GOAL OF THE EXERCISE: Reproduce the lines below verbatim. Pictures are to be omitted.

INFORMATION SUPPLIED:
= Beginning of Section =
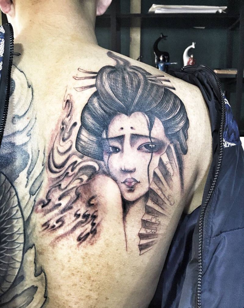 当前位置: 首页 >山东省济南市纹身店-花绣刺青纹身图案>艺妓纹身图片_成品背部胸部肩部腰部传统人物原创手臂写实纹身图案
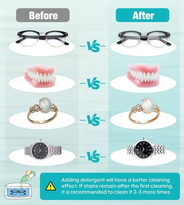 Le nettoyeur à ultrasons 650ML, le nettoyeur professionnel pour lunettes à ultrasons 49000Hz, dispose de 3 réglages de temps pour les bijoux, les prothèses dentaires, les montres, les lunettes, les têtes de rasoir, etc. NETTOYEUR
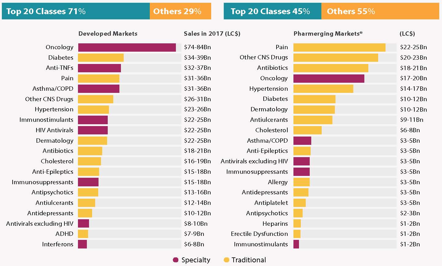 上表:全球醫(yī)藥銷售額的分布,數(shù)據(jù)來源于IMS 2013年報告
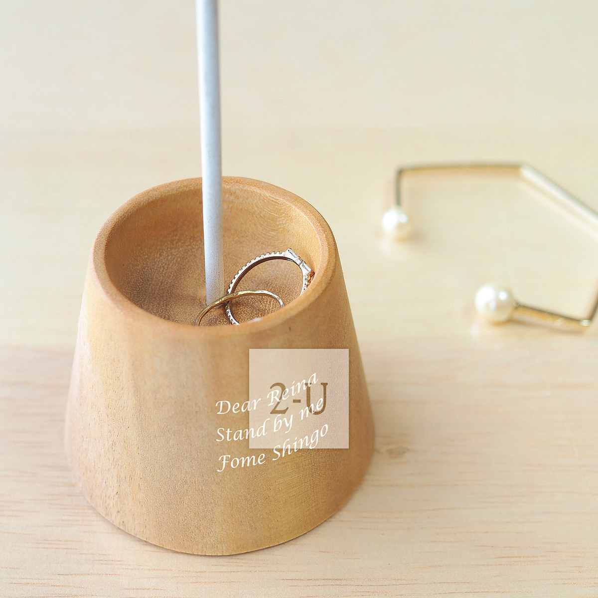 這個戒指架放在窗邊,沐浴著自然光,我們都很喜歡。在前幾天舉行婚禮的時候,我們在眾人面前用它作暸婚戒的戒指枕。
= End of Section =
RESULT:
 当前位置: 首页 >山东省济南市纹身店-花绣刺青纹身图案>艺妓纹身图片_成品背部胸部肩部腰部传统人物原创手臂写实纹身图案
 Le nettoyeur à ultrasons 650ML, le nettoyeur professionnel pour lunettes à ultrasons 49000Hz, dispose de 3 réglages de temps pour les bijoux, les prothèses dentaires, les montres, les lunettes, les têtes de rasoir, etc. NETTOYEUR
 上表:全球醫(yī)藥銷售額的分布,數(shù)據(jù)來源于IMS 2013年報告
 這個戒指架放在窗邊,沐浴著自然光,我們都很喜歡。在前幾天舉行婚禮的時候,我們在眾人面前用它作暸婚戒的戒指枕。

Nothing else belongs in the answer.